--- GOAL OF THE EXERCISE ---
Output exactly, in the material below, the lines from the one with "This originally started" through the one with "Cozy Color block". Omit all pictures.
---------- TASK INPUTS
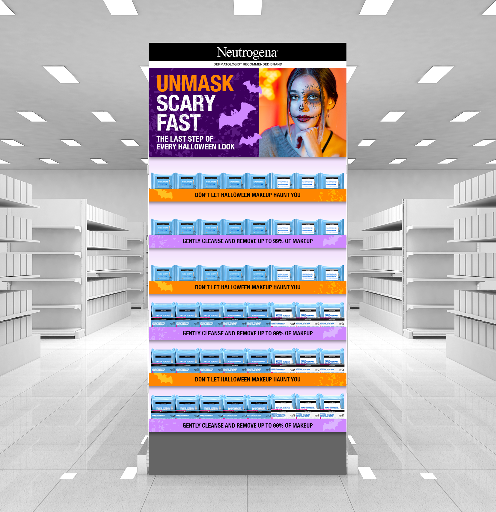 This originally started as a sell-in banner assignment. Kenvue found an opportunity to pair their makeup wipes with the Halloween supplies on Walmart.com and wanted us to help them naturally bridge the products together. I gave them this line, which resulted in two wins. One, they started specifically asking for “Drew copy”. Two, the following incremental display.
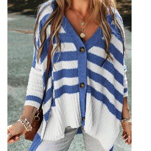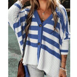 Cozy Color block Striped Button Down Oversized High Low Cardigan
--------------------
---------- TASK INPUTS
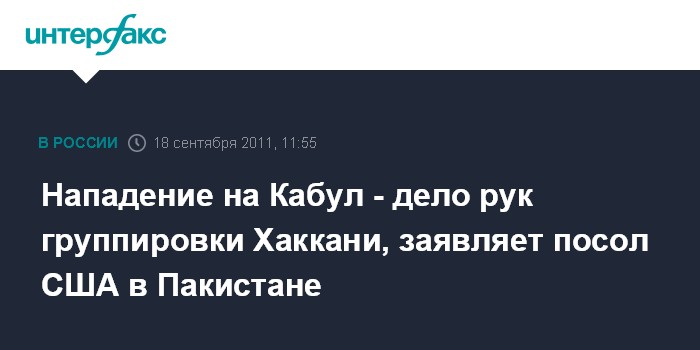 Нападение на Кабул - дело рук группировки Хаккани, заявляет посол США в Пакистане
--------------------
--- TASK ANSWER ---
 This originally started as a sell-in banner assignment. Kenvue found an opportunity to pair their makeup wipes with the Halloween supplies on Walmart.com and wanted us to help them naturally bridge the products together. I gave them this line, which resulted in two wins. One, they started specifically asking for “Drew copy”. Two, the following incremental display.
 Cozy Color block Striped Button Down Oversized High Low Cardigan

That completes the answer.